We have investigated the role of
somatostatin receptor subtypes sst2 and sst4 in limbic
seizures and
glutamate-mediated neurotransmission in mouse hippocampus. As compared to wild-type littermates, homozygous mice lacking sst2 receptors showed a 52% reduction in EEG ictal activity induced by intrahippocampal injection of 30 ng
kainic acid (P < 0.05). The number of behavioural
tonic-clonic seizures was reduced by 50% (P < 0.01) and the time to onset of
seizures was doubled on average (P < 0.05). Seizure-associated neurodegeneration was found in the injected hippocampus (CA1, CA3 and hilar interneurons) and sporadically in the ipsilateral latero-dorsal thalamus. This occurred to a similar extent in wild-type and sst2 knock-out mice.
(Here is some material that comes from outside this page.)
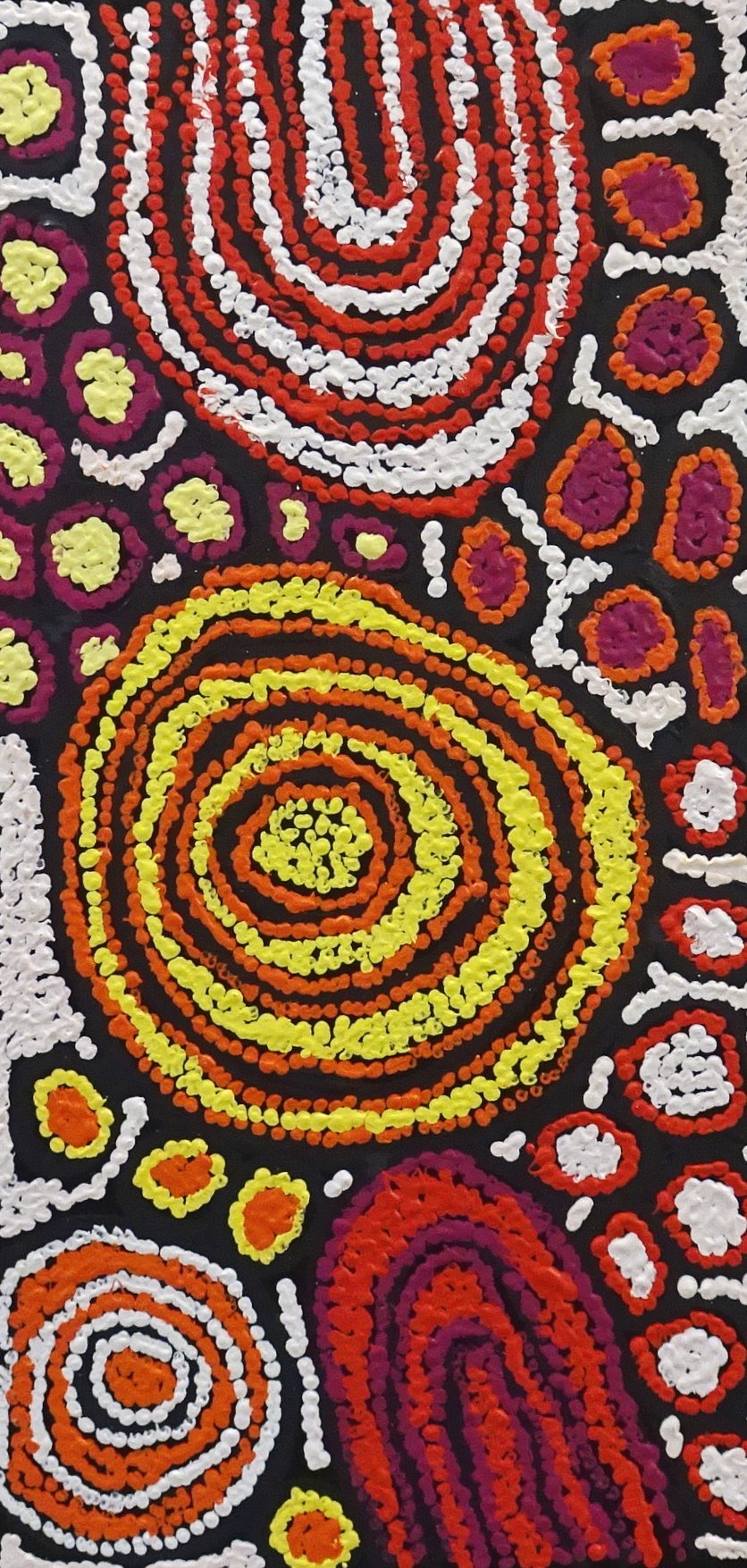 Stunning colours and heavy dot work are used to depict traditional sacred women’s sites in the Kintore area, which is located 250km west of Debra’s birthplace. The concentric circles commonly seen in her paintings represent the important ceremonial sites for Debra and her ancestors and the connecting lines between the circles are the ancient travelling paths that lead to these sites.

Intrahippocampal injection of three selective sst2 receptor agonists in wild-type mice (
Octreotide,
BIM 23120 and
L-779976, 1.5-6.0 nmol) did not affect
kainate seizures while the same compounds significantly reduced
seizures in rats. L-803087 (5 nmol), a selective
sst4 receptor agonist, doubled seizure activity in wild-type mice on average. Interestingly, this effect was blocked by 3 nmol
octreotide. It was determined, in both radioligand binding and cAMP accumulation, that
octreotide had no direct agonist or antagonist action at mouse sst4 receptors expressed in CCl39 cells, up to micromolar concentrations. In hippocampal slices from wild-type mice,
octreotide (2 micro m) did not modify
AMPA-mediated synaptic responses while facilitation occurred with L-803087 (2 micro m). Similarly to what was observed in
seizures, the effect of L-803087 was reduced by
octreotide. In hippocampal slices from sst2 knock-out mice, both
octreotide and L-803087 were ineffective on synaptic responses. Our findings show that, unlike in rats, sst2 receptors in mice do not mediate
anticonvulsant effects. Moreover, stimulation of sst4 receptors in the hippocampus of wild-type mice induced excitatory effects which appeared to depend on the presence of sst2 subtypes, suggesting these receptors are functionally coupled.